Die Satzung einer gGmbH kann jederzeit durch Beschluss der Gesellschafter geändert werden. Hierfür können zwar in der Satzung bestimmte qualifizierte Mehrheiten bestimmt werden. Wenn sich sämtliche Gesellschafter einig sind, lassen sich Satzungsänderungen bei GmbHs derzeit aber nicht ausschließen. In diesem Fall kann sogar der Unternehmenszweck der gGmbH – vorbehaltlich gemeinnützigkeitsrechtlicher Schranken – geändert werden. Dadurch kann die Governance der gGmbH jederzeit an Änderungen der Verhältnisse angepasst werden. Das kann vorteilhaft sein, um die Effektivität des geplanten Engagements sicherzustellen. Allerdings lässt sich die Struktur der gGmbH dadurch nicht für immer festlegen. Der Zuwender ist somit darauf angewiesen, dass seine Nachfolger seine Vorstellung vom Engagement der gGmbH teilen.

 

Eine Kombination der Festigkeit der Stiftungsverfassung mit der Flexibilität der gGmbH Governance ist jedoch möglich. Hierfür wird beispielsweise eine Familienstiftung an einer gGmbH beteiligt. Hierbei wird festgelegt, dass die Familienstiftung Satzungsänderungen der gGmbH nur zustimmen darf, wenn sie dem Stifterwillen entsprechen. Dadurch können die starren gesetzlichen Vorgaben zu Satzungsänderungen bei Stiftungen umgangen werden. Weil gleichzeitig die Stiftungsorgane an den Stifterwillen gebunden sind, wird aber sichergestellt, dass die Satzung der gGmbH nicht willkürlich geändert wird, sondern nur nach den Vorgaben des Stifters.

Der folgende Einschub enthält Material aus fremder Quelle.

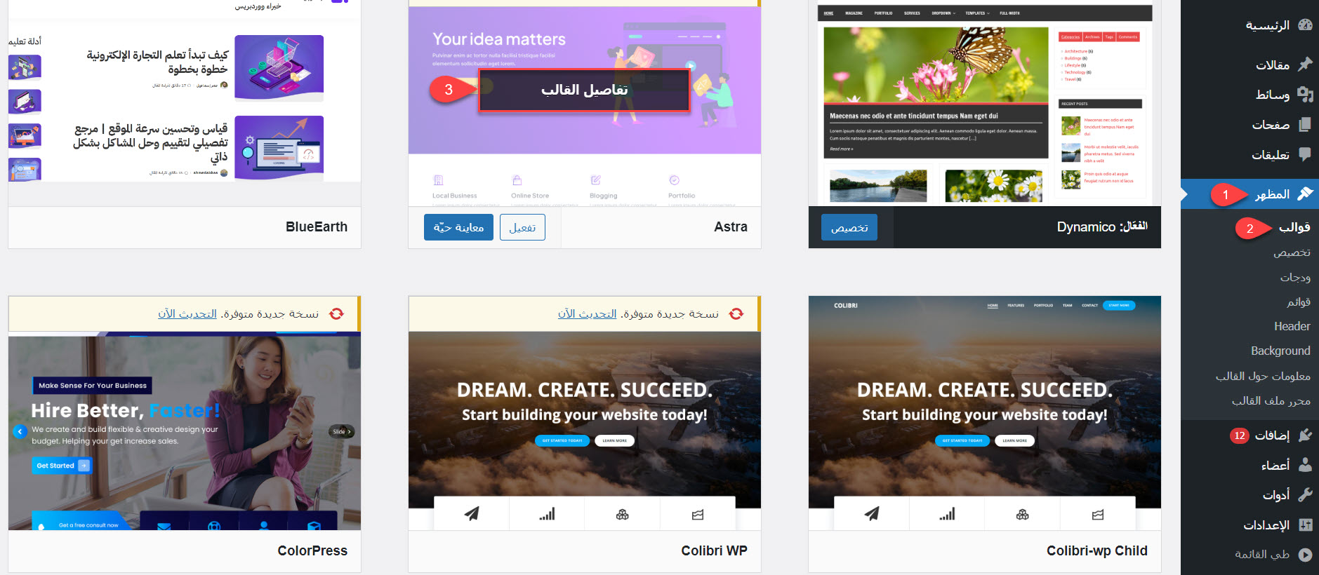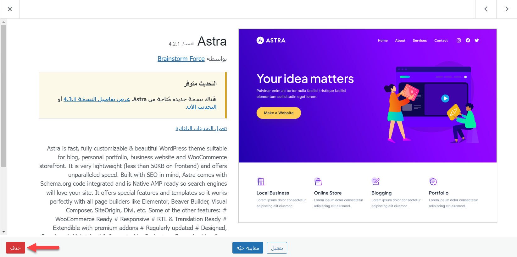 ستظهر لك صفحة تضم جميع قوالب الووردبريس المثبتة على موقعك. انقر على (تفاصيل القالب) ضمن أيقونة القالب الذي ترغب في حذفه.

Risiko einer „feindlichen Übernahme“: Was beim Verein zu beachten ist

Diese Gestaltung bietet sich jedoch nicht in allen Fällen philanthropischen Engagements an, da sie vergleichsweise komplex und auch mit gewissen Nachteilen verbunden ist. So ist zum Beispiel ein höherer Kapitaleinsatz erforderlich, um die Familienstifung zu errichten, da diese in der Lage sein muss, ihren Stiftungszweck nachhaltig zu erfüllen, auch wenn sie keine Ausschüttungen aus der gGmbH erhält. Sie sollte daher gut durchdacht und vorbereitet werden.

Auch beim Verein lässt sich die Satzung durch Beschluss der Mitgliederversammlung mit einer Mehrheit von drei Vierteln der abgegebenen Stimmen nachträglich anpassen. Bei Änderungen des Vereinszwecks ist aber die Zustimmung sämtlicher Mitglieder erforderlich. In beiden Fällen kann die Satzung aber Erleichterungen dieser Mehrheitserfordernisse regeln.

Beim Verein ist zudem zu beachten, dass in der Mitgliederversammlung eines Vereins typischerweise sämtliche Mitglieder gleichberechtigt sind. Mehrstimmrechte oder Vetorechte einzelner Mitglieder, sind zwar möglich. Diese sind aber nicht weit verbreitet, da ein Verein in der Regel vom Zusammenwirken seiner Mitglieder lebt. Das birgt auch das Risiko einer „feindlichen Übernahme“ von innen durch neue Mitglieder. Diese kommt in der Praxis durchaus vor und ist ohne Vorkehrungen in der Satzung nur schwer zu verhindern.